Although there are inherent and recognized limitations of in vitro screening methodologies to assess conventional drug interactions per industry guidelines and those adopted by independent laboratories, further limitations are being appreciated which are unique to the evaluation of botanical products and potential DDIs in which they may participate. Among the larger issues faced are the uncertainty in assigning hepatic concentrations of multiple constituents and their potential metabolites, accounting for oral bioavailability, and distribution including first-pass metabolism and active metabolites. Furthermore, the wide variability in the chemical composition of commercially available botanical supplement formulations continues to be a major concern and manufacturing standards or enforcement thereof are essentially nonexistent in most countries. Differing formulations, unspecified product excipients, typically compounds serving the primary purpose of aiding in the manufacture, administration and absorption of the therapeutic ingredient(s) of a standardized dosage form, and the very presence and/or concentration of one or more phytoconstituents within a supplement are typically unknown. Often supplements are standardized to a single phytoconstituent in the extract which is the putative active component, and in some cases that standardization “marker” may continue in spite of evidence emerging that it is not the component responsible for exerting therapeutic effects. Further issues are the absence of authentic analytical standards, and the inability to accurately screen the entities as mixtures to even approximate typical scenarios, which may occur following the ingestion of dietary supplements, and adds additional layers of complexity to experimental design and difficulty in interpreting experimental results.

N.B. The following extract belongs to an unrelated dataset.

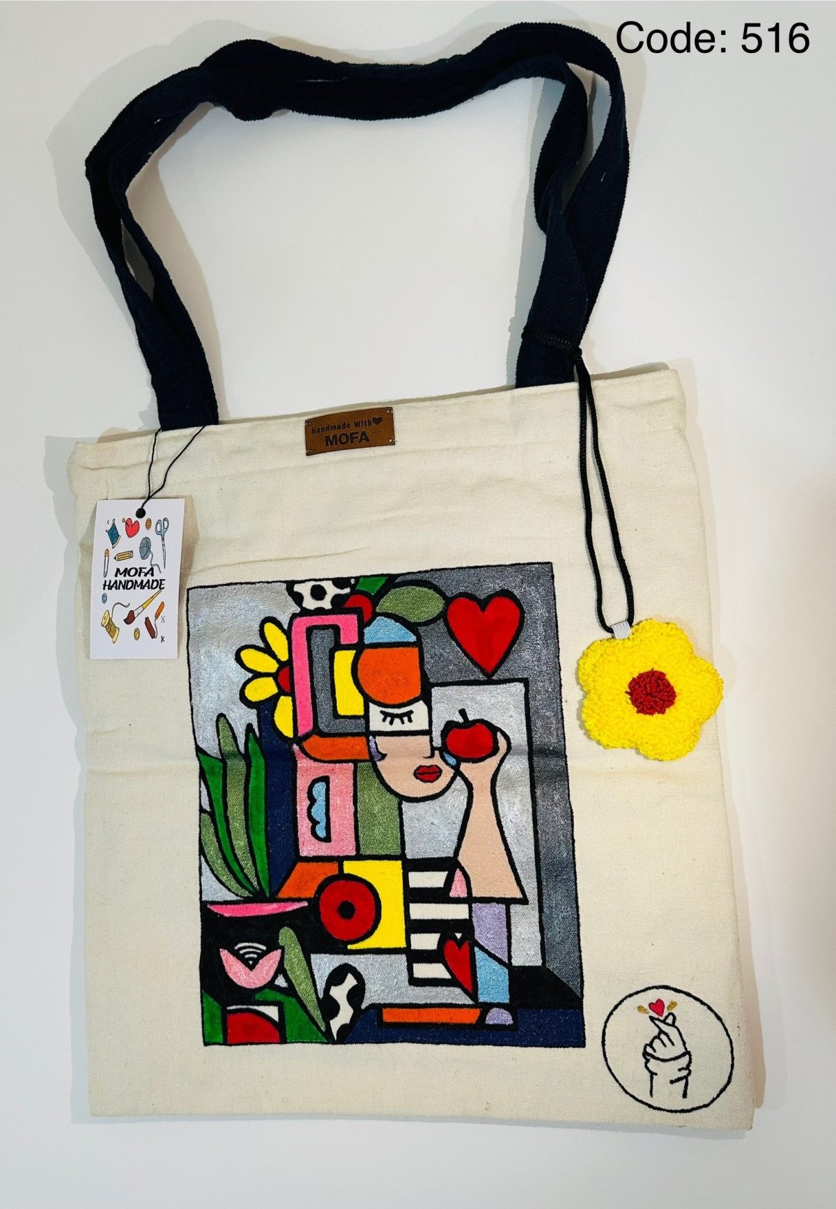 Fabric Tote Bag, size 35*40 , with a belt made of the same type of fabric, lined with fabric on the inside, and with internal pockets.

Although many normal volunteer botanical-drug interaction studies have been performed and published, it is in vitro investigations assessing both potential for interaction as well as mechanisms by which various natural products may interact with metabolic enzymes and transporters which account for the majority of research performed and published to date. There are many commonly used methods to assess DDIs in vitro. These methods have strengths as well as limitations, and their use in screening conventional drugs has been more extensively reviewed elsewhere [13], [14], [15]. This limited review is intended to focus more on the particular problems and challenges in evaluating DDIs involving botanical supplements using in vitro methodology, and what can and cannot be inferred from the results of such investigations.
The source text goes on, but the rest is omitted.